Each April 22, Earth Day celebrates our planet and the efforts being taken—or that should be taken—to protect it. And, each year, several brands join the conversation with announcements, partnerships and ongoing initiatives to let consumers know they care.

The North Face Says ‘Make It Official’

The North Face closed its 112 stores and is petitioning to make Earth Day a National Holiday along with 15 other organizations. The outdoor gear brand says it has been active in its conservation efforts since being founded in 1966, four years before the tradition of Earth Day began.

In the week leading up to Earth Day 2019, The North Face launched an initiative in NYC called “Explore Mode,” designed to encourage consumers to experience their surroundings, even the urban ones. The initiative included a 90s-themed concert by musician Ella Mai and fashion curator Brian Procell, culinary experiences by Chef Angela Dimayuga and an art exhibition by Model-artist-activist Gabrielle Richardson.

Other Explore Mode events are planned for London, Manchester, Munich and Paris.

Snapchat, UN Illustrate Rising Oceans

Glaciers are melting and the oceans are rising.

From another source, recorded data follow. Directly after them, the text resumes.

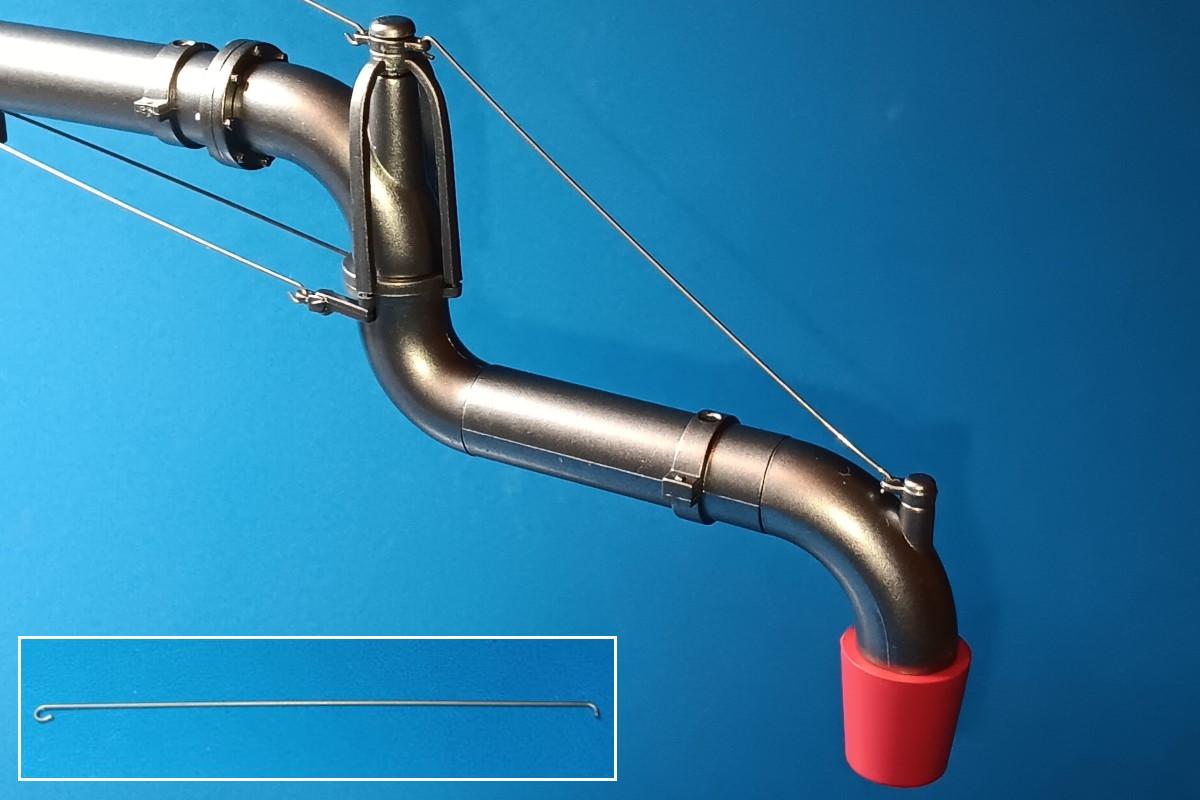 " ... Das obere Ende wird in die zugehörige Bohrung ( weißer Pfeil – Bild 3 ) eingeschoben und verklebt. Danach kann der Zugdraht" da fehlt glaube ich etwas. Super Baubericht
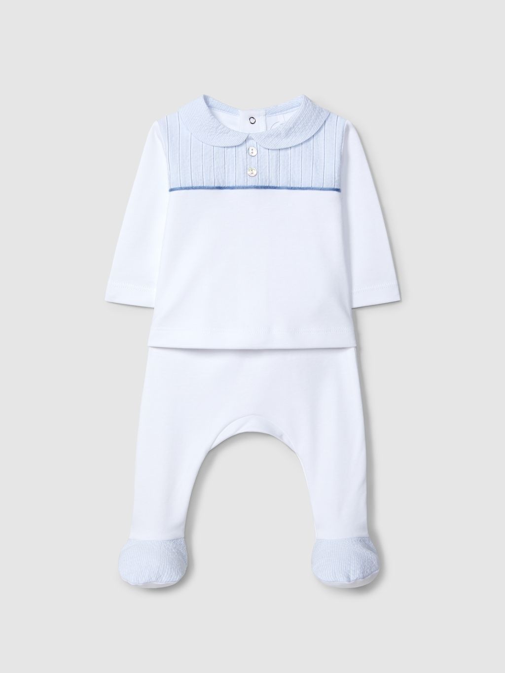 • Ensemble blanc 2 pièces incluant un haut manches longues ainsi qu'un pantalon à pieds.
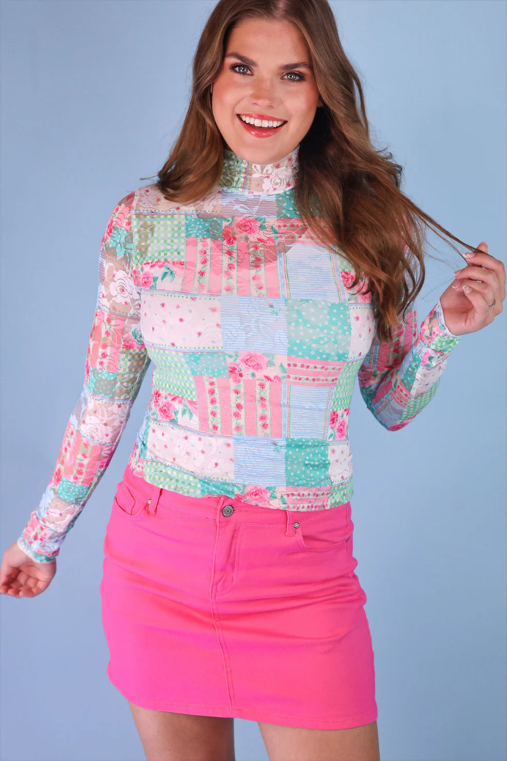 Embrace early spring with the Kylie Patch Heirloom Lace Top—a playful printed lace essential that brings feminine charm to every season. The fitted silhouette, long sleeves, and mock neck create a versatile piece perfect for layering or standalone wear. Light and effortlessly stylish, it's designed to brighten your wardrobe as the weather warms. Note: Runs smaller due to lace fabric; size up if between sizes.
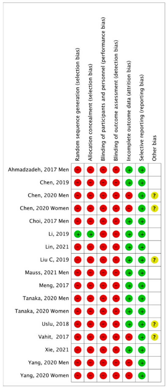- Higgins, J.P.T.; Altman, D.G.; Gøtzsche, P.C.; Jüni, P.; Moher, D.; Oxman, A.D.; Savović, J.; Schulz, K.F.; Weeks, L.; Sterne, J.A.C.; et al. The Cochrane collaboration’s tool for assessing risk of bias in randomised trials. BMJ 2011, 343, d5928. [Google Scholar] [CrossRef] [PubMed]

According to Snapchat and the United Nations, humans need to curb emissions or else the world we know it will get a whole lot wetter by the year 2100.

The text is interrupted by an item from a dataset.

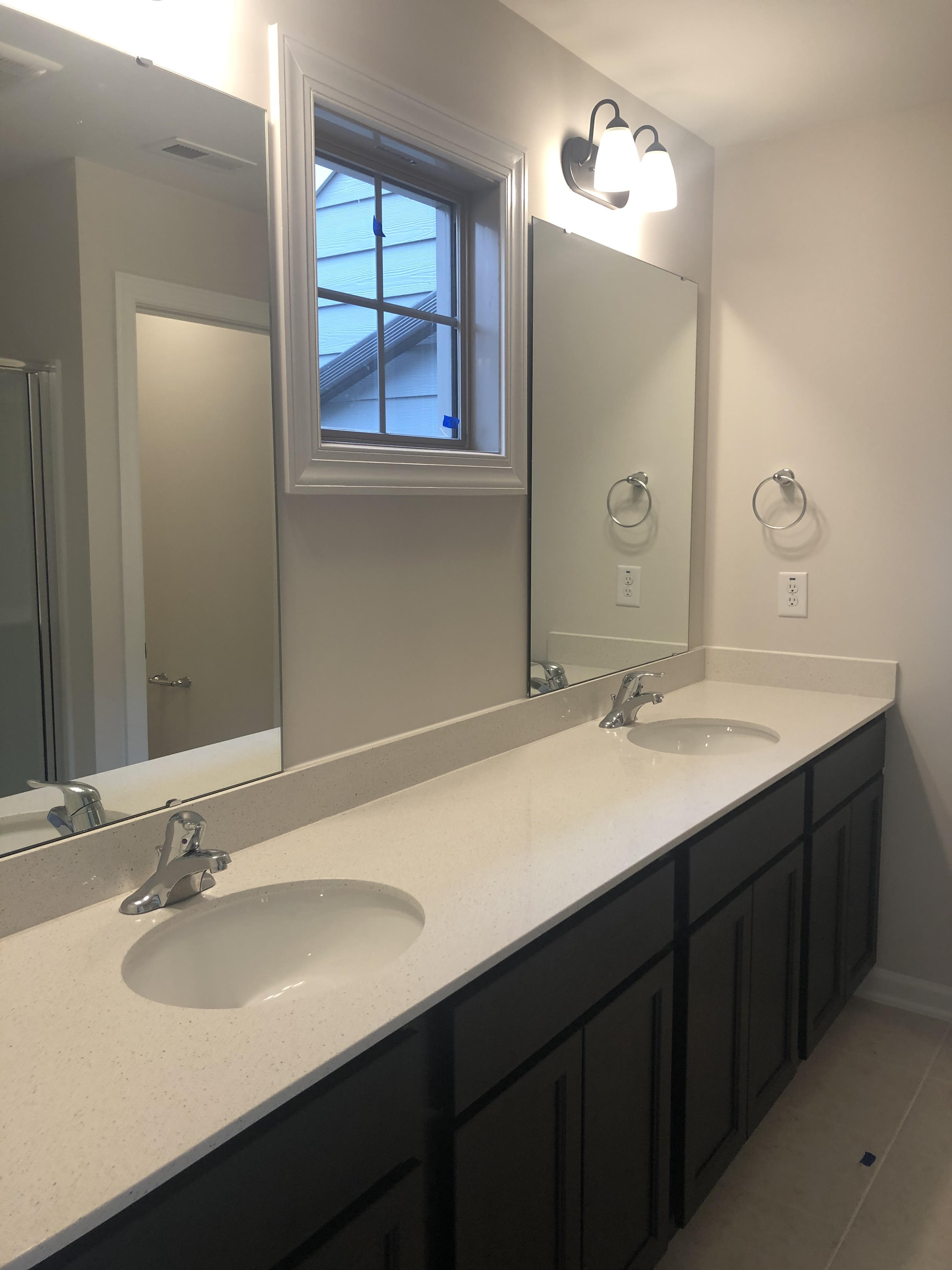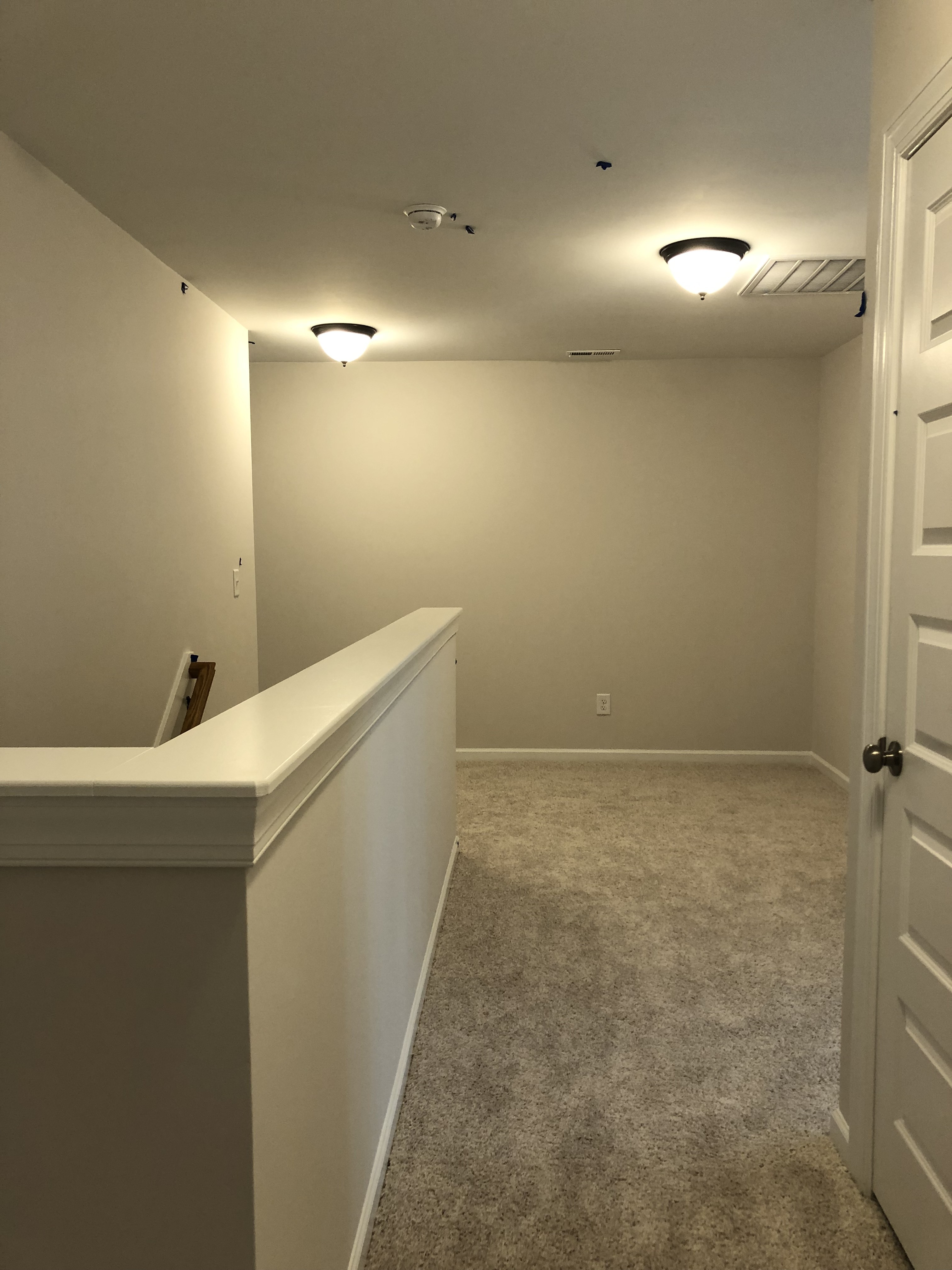 3 Bed, 2.5 Bath, 2 Car garage가 있는 2층집이고 1층 마루바닥, 2층 카펫입니다.

Snapchat and the United Nations created a special Lens that superimposes different levels of water in a user’s environment based on the year and scientific data. The Lens is available to US Snapchat users for 24 hours in celebration of Earth Day.

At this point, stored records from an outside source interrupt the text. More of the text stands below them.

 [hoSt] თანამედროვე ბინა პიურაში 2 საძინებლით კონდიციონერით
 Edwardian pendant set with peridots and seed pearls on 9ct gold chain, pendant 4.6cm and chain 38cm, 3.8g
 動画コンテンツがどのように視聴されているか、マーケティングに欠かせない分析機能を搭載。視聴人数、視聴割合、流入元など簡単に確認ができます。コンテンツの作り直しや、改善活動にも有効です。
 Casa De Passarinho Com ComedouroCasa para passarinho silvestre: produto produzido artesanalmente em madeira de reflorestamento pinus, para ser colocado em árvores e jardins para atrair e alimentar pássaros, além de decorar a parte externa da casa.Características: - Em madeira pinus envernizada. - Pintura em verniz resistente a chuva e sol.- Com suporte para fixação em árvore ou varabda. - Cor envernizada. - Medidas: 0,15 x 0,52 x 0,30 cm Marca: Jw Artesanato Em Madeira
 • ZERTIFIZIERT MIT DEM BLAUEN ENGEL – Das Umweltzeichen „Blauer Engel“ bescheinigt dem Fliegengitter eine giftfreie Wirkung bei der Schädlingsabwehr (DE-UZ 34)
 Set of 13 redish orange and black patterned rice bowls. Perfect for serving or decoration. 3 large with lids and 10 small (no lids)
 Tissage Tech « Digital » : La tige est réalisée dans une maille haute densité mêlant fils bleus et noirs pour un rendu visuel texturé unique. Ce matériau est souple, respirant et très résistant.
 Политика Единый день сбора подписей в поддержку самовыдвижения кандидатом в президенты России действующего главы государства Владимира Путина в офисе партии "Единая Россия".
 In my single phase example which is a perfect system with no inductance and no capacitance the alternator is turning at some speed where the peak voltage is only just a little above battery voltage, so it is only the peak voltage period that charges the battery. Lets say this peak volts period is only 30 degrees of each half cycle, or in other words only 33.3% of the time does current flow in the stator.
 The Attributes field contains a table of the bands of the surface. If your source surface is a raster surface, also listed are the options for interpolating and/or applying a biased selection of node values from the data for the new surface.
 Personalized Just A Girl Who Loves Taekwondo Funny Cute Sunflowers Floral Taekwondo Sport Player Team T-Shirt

Snapchat cites projections from The Intergovernmental Panel on Climate Change, stating that the oceans will rise by 10 to 30 inches by 2100.

Anheuser-Busch InBev Saves Trees, Swaps Ads With Nature

AB InBev has taken a number of initiatives for Earth Day this year that includes the continuing partnership between Busch beer and the National Forest Foundation.

For Earth Day, Busch is holding a fundraiser for the National Forest Foundation by selling a photography book called Rooted in Love: Busch’s Book of Beautiful Trees. Busch is donating all proceeds of the $20 book to the conservation of America’s National Forests. In September, the two organizations partnered to send consumers into the woods for a chance to win free beer for a year.

Michelob Ultra, meanwhile, introduced a Chrome plug-in that replaces advertisements with nature photography. The Earth Day activation uses consumers’ disdain for ads, claiming that the average person sees over 5,000 ads a day. “Wouldn’t you rather see nature instead?” the promotion asks.

When the “Pure Gold Ad Blocker” plug-in is installed, it replaces advertisements with a nature photo, overlayed with the hashtag #ExperiencePureGold.

Pepsi Vs. Plastic

PepsiCo announced a new carbonated water dispenser for the foodservice industry that will encourage reusable containers. The new machines will allow consumers to choose the level of carbonation, flavor and temperature.

An app will help consumers track water consumption and use a QR code that the machine will recognize along with beverage preferences. Users will also be given data such as the number of plastic bottles they are saving by using their own.

The new machine is part of PepsiCo’s goal to use 25 percent recycled content in its plastic packaging by the year 2025.

With each new generation, brands are adapting to consumer trends. Earth Day began in 1970 but as the March 15 “Global Warming Walkout” illustrated, young consumers are demanding action not just from Government officials, but brands they choose to support.